§ **Required work**: Whenever the string "Double" turns up in a line below, that line should be copied.

§ **Stored records**:
○ ○ ○ ○

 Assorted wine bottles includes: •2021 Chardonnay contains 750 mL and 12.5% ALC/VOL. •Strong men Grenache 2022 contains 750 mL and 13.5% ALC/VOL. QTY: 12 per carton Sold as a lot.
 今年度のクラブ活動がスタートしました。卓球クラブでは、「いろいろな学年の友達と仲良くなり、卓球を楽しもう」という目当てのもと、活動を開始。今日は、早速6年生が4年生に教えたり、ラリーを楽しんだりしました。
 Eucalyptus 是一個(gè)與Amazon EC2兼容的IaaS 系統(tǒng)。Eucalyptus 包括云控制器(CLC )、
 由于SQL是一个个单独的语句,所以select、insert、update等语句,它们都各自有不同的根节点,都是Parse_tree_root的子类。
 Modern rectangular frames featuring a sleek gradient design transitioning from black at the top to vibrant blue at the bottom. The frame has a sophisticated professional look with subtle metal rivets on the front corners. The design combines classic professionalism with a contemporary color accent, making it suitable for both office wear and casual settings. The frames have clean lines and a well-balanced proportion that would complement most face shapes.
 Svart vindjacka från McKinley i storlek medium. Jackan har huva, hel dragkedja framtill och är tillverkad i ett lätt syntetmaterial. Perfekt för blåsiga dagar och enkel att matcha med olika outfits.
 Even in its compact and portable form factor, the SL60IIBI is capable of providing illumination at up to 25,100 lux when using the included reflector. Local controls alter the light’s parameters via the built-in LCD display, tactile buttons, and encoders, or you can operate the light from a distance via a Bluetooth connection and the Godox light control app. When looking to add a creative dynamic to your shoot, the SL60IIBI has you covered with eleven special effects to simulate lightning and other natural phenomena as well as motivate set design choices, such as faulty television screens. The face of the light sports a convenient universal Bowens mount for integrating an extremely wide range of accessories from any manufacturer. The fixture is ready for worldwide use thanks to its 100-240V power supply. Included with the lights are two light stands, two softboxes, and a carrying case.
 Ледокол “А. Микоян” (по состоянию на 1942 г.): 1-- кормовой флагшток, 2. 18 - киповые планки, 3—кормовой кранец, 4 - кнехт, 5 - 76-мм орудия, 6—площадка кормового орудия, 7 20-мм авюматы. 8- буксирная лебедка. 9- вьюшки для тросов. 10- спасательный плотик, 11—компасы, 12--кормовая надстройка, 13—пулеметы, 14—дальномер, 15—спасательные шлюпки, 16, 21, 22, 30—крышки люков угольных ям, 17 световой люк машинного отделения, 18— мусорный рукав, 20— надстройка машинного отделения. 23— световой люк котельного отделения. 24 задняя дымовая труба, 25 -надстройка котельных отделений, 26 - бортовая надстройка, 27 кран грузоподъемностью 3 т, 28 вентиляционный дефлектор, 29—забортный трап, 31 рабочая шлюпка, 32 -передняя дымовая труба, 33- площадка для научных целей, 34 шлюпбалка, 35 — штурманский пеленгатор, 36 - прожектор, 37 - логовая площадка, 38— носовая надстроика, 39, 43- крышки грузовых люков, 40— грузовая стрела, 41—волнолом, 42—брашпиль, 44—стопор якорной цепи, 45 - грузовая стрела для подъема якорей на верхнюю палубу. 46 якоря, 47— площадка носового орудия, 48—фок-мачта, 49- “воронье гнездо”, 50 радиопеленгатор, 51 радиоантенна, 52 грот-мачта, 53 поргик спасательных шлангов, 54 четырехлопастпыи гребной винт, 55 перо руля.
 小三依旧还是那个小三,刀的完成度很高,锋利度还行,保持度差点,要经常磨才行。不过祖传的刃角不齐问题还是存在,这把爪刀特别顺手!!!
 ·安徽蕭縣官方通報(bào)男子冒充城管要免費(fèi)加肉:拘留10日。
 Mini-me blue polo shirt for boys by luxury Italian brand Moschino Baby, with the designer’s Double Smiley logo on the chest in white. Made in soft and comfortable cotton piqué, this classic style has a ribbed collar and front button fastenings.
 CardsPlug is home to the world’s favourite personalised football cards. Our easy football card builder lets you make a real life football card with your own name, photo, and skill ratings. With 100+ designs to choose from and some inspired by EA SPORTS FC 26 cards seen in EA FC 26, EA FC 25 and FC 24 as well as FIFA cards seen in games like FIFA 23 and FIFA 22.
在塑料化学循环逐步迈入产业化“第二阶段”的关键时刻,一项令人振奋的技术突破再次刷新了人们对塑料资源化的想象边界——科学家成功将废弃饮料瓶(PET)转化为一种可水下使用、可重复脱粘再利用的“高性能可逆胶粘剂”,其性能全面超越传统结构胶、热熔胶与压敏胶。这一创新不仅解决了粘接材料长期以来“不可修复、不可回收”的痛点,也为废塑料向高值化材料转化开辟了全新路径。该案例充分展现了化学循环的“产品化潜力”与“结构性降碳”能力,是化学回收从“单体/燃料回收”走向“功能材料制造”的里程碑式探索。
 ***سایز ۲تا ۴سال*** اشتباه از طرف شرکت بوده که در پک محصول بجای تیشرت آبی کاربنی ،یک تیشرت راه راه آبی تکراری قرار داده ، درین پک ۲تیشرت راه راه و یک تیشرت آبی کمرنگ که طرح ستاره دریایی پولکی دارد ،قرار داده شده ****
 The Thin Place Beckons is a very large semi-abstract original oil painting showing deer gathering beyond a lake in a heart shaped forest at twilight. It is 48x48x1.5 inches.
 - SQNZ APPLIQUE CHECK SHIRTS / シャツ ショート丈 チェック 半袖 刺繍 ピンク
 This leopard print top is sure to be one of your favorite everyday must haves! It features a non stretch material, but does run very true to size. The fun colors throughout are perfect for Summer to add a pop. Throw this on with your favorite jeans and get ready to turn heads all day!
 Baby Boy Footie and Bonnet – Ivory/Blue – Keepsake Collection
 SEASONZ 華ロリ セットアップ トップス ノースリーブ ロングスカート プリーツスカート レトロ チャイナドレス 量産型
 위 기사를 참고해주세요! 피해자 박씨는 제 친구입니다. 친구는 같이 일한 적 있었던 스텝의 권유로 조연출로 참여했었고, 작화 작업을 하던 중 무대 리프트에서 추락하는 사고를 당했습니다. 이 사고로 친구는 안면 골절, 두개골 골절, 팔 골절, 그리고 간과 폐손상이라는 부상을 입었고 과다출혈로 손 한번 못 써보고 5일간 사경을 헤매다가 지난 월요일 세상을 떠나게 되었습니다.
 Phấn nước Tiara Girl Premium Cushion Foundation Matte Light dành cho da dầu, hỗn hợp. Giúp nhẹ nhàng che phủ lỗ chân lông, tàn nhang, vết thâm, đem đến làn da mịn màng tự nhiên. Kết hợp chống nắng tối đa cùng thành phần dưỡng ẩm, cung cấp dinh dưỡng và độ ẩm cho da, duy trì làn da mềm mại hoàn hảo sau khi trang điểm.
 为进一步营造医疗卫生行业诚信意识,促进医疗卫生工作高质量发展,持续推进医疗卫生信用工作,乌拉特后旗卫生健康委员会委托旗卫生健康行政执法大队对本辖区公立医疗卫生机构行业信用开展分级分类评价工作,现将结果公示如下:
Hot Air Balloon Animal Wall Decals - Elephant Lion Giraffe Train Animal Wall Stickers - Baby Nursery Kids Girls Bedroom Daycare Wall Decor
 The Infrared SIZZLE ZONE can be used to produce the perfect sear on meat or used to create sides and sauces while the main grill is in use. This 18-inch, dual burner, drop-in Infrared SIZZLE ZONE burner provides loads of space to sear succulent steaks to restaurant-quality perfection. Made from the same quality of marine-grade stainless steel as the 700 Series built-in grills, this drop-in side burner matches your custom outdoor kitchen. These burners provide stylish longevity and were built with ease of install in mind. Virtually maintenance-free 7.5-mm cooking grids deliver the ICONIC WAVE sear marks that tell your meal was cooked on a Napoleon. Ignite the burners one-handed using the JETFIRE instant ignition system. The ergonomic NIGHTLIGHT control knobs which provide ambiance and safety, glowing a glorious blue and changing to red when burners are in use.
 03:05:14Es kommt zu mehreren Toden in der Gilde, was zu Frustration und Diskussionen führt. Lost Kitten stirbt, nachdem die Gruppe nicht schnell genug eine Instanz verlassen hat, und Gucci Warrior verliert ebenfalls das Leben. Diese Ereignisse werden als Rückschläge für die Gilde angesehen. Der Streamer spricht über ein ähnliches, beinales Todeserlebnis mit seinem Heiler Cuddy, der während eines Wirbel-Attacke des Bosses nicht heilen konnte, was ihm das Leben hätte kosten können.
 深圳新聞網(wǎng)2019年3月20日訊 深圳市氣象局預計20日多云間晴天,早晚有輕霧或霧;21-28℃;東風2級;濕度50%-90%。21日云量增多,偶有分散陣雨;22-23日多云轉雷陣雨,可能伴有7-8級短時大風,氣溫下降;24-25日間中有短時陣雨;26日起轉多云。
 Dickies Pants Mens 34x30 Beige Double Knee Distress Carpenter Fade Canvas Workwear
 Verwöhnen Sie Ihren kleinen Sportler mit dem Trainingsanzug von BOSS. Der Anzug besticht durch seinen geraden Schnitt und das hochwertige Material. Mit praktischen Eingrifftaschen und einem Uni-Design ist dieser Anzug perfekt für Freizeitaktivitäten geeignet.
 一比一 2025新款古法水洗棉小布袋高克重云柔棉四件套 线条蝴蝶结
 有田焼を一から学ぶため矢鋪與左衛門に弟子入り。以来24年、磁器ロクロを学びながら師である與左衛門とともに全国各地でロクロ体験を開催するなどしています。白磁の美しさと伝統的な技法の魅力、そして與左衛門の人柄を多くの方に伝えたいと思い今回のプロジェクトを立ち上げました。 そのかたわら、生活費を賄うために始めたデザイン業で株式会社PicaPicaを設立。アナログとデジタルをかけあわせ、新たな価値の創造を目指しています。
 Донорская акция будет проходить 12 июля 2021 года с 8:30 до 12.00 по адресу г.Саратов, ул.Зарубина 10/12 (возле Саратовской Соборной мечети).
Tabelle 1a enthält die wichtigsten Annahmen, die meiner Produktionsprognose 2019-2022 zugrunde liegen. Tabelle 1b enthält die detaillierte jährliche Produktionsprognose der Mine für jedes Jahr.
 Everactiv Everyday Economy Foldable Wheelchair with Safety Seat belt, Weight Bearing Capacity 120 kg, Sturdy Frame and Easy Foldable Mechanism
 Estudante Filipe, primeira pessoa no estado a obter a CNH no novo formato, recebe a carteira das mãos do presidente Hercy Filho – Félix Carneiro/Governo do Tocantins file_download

○ ○ ○ ○

§ **Answer**:
 Mini-me blue polo shirt for boys by luxury Italian brand Moschino Baby, with the designer’s Double Smiley logo on the chest in white. Made in soft and comfortable cotton piqué, this classic style has a ribbed collar and front button fastenings.
 Dickies Pants Mens 34x30 Beige Double Knee Distress Carpenter Fade Canvas Workwear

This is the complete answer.